§ WHAT YOU WILL DO
Where the data below has the string "Palace", return the whole line.

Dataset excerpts
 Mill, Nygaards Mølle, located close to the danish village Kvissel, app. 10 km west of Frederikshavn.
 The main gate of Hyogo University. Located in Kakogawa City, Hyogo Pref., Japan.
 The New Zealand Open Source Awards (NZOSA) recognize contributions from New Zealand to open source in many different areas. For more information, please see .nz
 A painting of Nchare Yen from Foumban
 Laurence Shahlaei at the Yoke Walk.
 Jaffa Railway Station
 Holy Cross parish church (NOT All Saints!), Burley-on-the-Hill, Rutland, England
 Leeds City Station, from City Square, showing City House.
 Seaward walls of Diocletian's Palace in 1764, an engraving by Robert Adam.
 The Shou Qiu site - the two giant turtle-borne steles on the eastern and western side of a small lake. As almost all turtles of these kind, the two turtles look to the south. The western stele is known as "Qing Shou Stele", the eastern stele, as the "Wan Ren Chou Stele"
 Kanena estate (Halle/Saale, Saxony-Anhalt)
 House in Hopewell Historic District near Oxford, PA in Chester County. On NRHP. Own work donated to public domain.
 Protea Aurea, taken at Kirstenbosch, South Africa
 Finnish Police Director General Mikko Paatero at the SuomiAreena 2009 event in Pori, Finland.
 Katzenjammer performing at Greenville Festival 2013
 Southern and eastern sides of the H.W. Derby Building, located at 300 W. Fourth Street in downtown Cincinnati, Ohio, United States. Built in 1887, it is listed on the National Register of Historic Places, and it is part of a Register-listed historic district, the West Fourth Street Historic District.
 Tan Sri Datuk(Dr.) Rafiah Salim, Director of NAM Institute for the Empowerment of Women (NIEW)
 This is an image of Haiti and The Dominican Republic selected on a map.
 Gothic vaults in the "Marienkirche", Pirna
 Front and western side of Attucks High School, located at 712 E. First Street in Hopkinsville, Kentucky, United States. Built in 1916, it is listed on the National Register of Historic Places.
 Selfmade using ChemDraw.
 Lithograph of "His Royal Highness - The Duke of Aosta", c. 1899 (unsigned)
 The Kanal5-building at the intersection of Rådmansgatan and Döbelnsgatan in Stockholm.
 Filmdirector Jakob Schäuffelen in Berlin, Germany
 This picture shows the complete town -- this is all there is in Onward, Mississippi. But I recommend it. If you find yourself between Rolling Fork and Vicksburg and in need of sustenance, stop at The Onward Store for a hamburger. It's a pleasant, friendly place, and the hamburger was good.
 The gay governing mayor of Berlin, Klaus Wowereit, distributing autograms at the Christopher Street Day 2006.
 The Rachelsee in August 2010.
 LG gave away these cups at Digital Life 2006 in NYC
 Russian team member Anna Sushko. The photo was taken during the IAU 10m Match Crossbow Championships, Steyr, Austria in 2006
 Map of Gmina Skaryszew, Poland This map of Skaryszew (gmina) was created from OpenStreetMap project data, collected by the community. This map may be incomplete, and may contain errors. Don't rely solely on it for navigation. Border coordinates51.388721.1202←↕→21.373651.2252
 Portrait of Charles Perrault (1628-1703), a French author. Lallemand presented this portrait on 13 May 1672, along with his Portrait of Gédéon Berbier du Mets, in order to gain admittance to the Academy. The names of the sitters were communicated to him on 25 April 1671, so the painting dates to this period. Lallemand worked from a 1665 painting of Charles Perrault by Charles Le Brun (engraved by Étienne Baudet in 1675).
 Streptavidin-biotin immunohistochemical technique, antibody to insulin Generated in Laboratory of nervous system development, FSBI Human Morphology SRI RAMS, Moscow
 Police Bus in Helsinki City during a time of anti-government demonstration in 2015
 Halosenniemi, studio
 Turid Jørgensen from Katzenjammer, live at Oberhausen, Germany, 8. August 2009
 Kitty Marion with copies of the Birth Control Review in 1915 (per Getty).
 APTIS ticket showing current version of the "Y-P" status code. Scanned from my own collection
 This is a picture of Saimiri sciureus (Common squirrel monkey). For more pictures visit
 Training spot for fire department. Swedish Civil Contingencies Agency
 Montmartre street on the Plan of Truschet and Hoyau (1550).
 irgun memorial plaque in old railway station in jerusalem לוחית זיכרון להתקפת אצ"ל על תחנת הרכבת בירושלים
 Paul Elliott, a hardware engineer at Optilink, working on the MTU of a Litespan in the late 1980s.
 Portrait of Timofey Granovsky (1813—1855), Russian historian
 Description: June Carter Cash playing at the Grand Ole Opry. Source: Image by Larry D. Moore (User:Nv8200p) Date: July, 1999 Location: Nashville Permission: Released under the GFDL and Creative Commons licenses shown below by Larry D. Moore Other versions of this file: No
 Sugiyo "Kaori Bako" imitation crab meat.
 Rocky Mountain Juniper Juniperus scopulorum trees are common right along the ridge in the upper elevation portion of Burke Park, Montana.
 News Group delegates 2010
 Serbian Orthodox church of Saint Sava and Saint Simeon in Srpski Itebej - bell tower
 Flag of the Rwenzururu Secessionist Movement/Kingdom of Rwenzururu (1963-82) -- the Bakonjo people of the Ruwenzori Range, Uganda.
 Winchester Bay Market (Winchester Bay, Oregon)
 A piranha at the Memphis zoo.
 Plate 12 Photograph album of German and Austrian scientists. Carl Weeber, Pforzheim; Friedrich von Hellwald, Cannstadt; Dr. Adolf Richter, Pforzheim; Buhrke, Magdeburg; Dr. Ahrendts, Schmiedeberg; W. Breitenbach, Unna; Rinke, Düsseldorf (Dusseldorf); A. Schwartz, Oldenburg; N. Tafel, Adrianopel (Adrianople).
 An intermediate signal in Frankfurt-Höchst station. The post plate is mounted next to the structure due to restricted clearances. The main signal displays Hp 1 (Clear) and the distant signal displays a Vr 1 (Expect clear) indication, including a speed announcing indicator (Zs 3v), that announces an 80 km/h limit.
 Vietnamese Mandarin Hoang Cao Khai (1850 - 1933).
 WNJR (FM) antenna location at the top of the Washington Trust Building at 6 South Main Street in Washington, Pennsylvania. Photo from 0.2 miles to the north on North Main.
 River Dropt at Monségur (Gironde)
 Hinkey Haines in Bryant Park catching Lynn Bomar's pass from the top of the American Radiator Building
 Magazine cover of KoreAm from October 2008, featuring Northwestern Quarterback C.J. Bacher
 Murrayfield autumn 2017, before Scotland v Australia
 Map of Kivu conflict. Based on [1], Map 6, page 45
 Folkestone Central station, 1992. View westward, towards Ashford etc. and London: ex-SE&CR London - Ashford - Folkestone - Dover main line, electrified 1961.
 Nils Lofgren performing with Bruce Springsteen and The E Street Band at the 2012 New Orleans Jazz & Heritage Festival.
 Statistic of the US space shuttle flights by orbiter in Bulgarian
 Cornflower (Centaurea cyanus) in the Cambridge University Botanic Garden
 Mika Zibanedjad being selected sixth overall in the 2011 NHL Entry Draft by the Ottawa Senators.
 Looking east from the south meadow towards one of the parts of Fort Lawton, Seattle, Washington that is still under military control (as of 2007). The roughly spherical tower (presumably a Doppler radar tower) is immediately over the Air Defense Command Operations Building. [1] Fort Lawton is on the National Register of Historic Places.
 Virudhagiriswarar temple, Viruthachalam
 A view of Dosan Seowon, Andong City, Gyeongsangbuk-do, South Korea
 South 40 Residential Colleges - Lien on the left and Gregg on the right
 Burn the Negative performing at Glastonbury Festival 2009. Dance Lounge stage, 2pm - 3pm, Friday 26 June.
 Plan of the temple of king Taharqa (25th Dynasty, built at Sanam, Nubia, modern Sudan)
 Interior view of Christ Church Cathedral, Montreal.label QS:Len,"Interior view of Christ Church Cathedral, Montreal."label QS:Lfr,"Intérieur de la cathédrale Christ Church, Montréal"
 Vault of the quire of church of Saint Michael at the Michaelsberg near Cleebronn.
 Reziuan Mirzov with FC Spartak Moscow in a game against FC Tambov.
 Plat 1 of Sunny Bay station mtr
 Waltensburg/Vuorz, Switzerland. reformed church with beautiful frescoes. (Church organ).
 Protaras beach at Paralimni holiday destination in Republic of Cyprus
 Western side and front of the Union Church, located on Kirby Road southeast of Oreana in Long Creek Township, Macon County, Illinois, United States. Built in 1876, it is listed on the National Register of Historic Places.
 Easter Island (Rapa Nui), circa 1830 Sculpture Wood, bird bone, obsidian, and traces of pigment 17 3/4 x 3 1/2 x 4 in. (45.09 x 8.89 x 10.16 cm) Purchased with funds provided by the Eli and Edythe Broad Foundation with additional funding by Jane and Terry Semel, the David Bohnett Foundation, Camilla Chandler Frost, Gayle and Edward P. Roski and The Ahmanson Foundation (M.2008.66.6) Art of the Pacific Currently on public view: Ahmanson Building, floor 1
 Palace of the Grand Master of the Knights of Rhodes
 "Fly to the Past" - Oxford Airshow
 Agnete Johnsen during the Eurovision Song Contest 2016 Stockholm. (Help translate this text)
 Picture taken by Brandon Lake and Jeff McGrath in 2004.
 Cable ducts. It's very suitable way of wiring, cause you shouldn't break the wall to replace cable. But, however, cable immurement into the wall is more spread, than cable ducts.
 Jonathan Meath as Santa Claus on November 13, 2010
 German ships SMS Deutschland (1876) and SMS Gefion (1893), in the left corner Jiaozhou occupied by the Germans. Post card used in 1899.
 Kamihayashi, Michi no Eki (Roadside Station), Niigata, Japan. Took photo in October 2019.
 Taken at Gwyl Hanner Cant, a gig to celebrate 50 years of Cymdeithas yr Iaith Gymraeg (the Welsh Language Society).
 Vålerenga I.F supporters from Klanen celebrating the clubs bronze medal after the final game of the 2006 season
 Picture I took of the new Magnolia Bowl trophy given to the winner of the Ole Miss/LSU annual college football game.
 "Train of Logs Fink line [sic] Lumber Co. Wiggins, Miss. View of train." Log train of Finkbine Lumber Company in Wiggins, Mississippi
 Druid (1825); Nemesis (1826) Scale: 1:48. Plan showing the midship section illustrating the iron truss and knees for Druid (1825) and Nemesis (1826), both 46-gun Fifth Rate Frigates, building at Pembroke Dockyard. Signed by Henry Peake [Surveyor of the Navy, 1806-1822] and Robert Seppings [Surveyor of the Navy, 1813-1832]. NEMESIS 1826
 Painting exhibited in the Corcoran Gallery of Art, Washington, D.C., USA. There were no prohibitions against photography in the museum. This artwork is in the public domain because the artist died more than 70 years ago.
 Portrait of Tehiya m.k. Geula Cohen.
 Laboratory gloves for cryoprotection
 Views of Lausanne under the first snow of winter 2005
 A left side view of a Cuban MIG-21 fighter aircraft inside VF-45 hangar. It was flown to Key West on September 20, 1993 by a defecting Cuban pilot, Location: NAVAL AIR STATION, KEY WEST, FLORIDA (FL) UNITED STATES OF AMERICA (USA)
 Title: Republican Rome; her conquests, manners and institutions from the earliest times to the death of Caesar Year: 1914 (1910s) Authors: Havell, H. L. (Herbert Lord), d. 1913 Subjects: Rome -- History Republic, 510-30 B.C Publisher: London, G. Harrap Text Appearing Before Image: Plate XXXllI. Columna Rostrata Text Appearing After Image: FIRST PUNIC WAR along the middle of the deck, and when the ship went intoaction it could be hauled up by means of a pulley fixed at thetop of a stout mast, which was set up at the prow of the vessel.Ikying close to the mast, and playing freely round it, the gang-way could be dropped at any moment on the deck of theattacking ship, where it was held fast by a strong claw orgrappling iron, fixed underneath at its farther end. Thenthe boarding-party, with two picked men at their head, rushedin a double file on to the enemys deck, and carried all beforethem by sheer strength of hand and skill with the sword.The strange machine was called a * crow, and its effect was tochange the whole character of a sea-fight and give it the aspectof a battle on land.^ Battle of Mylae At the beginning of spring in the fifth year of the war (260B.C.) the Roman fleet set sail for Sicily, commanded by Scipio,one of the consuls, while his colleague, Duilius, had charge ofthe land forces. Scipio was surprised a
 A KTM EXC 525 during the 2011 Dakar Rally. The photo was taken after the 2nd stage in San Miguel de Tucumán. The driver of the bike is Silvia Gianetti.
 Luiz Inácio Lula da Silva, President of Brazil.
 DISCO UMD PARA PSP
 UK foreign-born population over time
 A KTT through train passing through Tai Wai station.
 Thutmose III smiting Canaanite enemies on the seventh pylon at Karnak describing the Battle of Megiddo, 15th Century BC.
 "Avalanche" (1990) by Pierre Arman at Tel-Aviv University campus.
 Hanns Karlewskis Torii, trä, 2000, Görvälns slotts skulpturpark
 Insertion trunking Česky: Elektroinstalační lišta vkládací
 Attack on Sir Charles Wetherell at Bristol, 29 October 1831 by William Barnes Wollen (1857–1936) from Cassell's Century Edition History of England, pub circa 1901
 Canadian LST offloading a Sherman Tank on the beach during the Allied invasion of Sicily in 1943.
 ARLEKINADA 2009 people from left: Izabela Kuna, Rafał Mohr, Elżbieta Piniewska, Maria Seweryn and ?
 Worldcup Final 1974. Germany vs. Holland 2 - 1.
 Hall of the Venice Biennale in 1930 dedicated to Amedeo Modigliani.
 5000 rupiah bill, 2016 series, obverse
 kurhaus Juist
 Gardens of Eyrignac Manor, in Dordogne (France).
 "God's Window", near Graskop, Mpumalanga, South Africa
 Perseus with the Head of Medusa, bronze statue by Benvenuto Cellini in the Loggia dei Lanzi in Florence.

§ SOLUTION FOR THIS TASK
 Seaward walls of Diocletian's Palace in 1764, an engraving by Robert Adam.
 Palace of the Grand Master of the Knights of Rhodes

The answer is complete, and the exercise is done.